What's an elegant way to extract data from a string (perhaps using the boost library)?

Content-Type: text/plain
Content-Length: 15
Content-Date: 2/5/2013
Content-Request: Save

hello world

Let's say I have the line above and want to extract all fields, including the greeting text. Can anyone point me in the right direction?

+3

c ++ boost

marcwho 05 Feb 13 at 19:40

source to share

8 answers

Try

http://pocoproject.org/

Comes with HTTPServer and Client implementations
http://cpp-netlib.github.com/

Comes with request / response processing

Boost Spirit Demo : http://liveworkspace.org/code/3K5TzT

You will need to provide a simple grammar (or complex grammar if you want to catch all the intricacies of HTTP)
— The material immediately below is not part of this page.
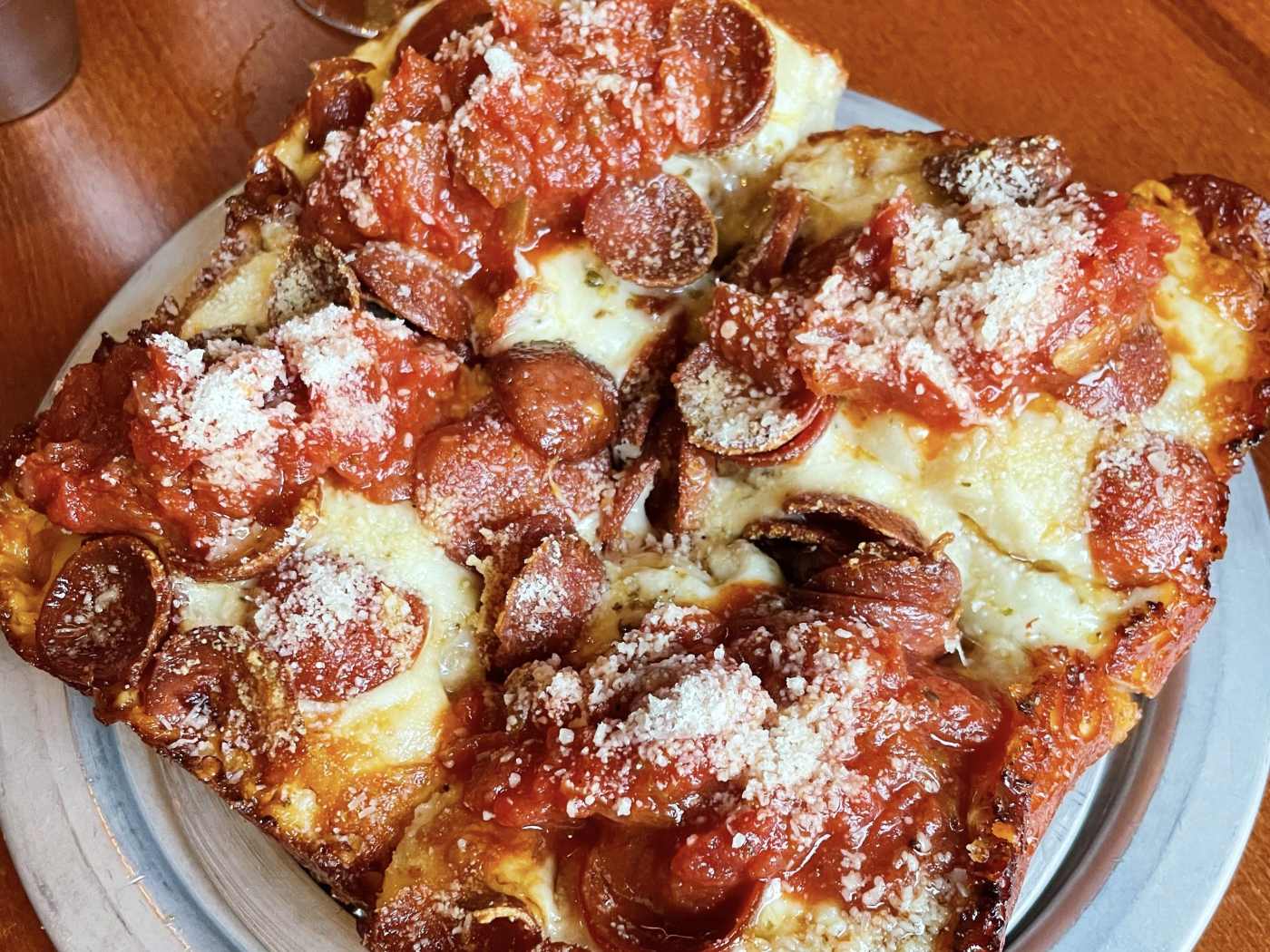 "This spot does mainly Detroit-style pies with sponge-like crusts, and serves them in a casual space that doesn't mind if you roll up in a t-shirt and sweats. The move is to sit at the bar, order a beer, and strike up a conversation with whoever’s sitting next to you over a slice of pepperoni with slightly chunky tomato sauce (the best pie here). But any of the high tops in the dining room will get the job done if you're coming with friends and ordering a big spread of multiple pies, salads, and mozzarella sticks." - lani conway, julia chen 1, ricky rodriguez

#include <boost/fusion/adapted.hpp>
#include <boost/spirit/include/qi.hpp>
#include <boost/spirit/include/karma.hpp>

typedef std::map<std::string, std::string> Headers;
typedef std::pair<std::string, std::string> Header;
struct Request { Headers headers; std::vector<char> content; };

BOOST_FUSION_ADAPT_STRUCT(Request, (Headers, headers)(std::vector<char>, content))

namespace qi    = boost::spirit::qi;
namespace karma = boost::spirit::karma;

template <typename It, typename Skipper = qi::blank_type>
    struct parser : qi::grammar<It, Request(), Skipper>
{
    parser() : parser::base_type(start)
    {
        using namespace qi;

        header = +~char_(":\n") > ": " > *(char_ - eol);
        start = header % eol >> eol >> eol >> *char_;
    }

  private:
    qi::rule<It, Header(),  Skipper> header;
    qi::rule<It, Request(), Skipper> start;
};

bool doParse(const std::string& input)
{
    auto f(begin(input)), l(end(input));

    parser<decltype(f), qi::blank_type> p;
    Request data;

    try
    {
        bool ok = qi::phrase_parse(f,l,p,qi::blank,data);
        if (ok)   
        {
            std::cout << "parse success\n";
            std::cout << "data: " << karma::format_delimited(karma::auto_, ' ', data) << "\n";
        }
        else      std::cerr << "parse failed: '" << std::string(f,l) << "'\n";

        if (f!=l) std::cerr << "trailing unparsed: '" << std::string(f,l) << "'\n";
        return ok;
    } catch(const qi::expectation_failure<decltype(f)>& e)
    {
        std::string frag(e.first, e.last);
        std::cerr << e.what() << "'" << frag << "'\n";
    }

    return false;
}

int main()
{
    const std::string input = 
        "Content-Type: text/plain\n"
        "Content-Length: 15\n"
        "Content-Date: 2/5/2013\n"
        "Content-Request: Save\n"
        "\n"
        "hello world";

    bool ok = doParse(input);

    return ok? 0 : 255;
}

+4

sehe 05 Feb 13 at 19:47

source to share

There are several solutions. If the format is that simple, you can just read the file line by line. If the string starts with a key, you can simply split it up to get the value. If it is not, the value is the string itself. This can be done with STL very easily and quite elegantly.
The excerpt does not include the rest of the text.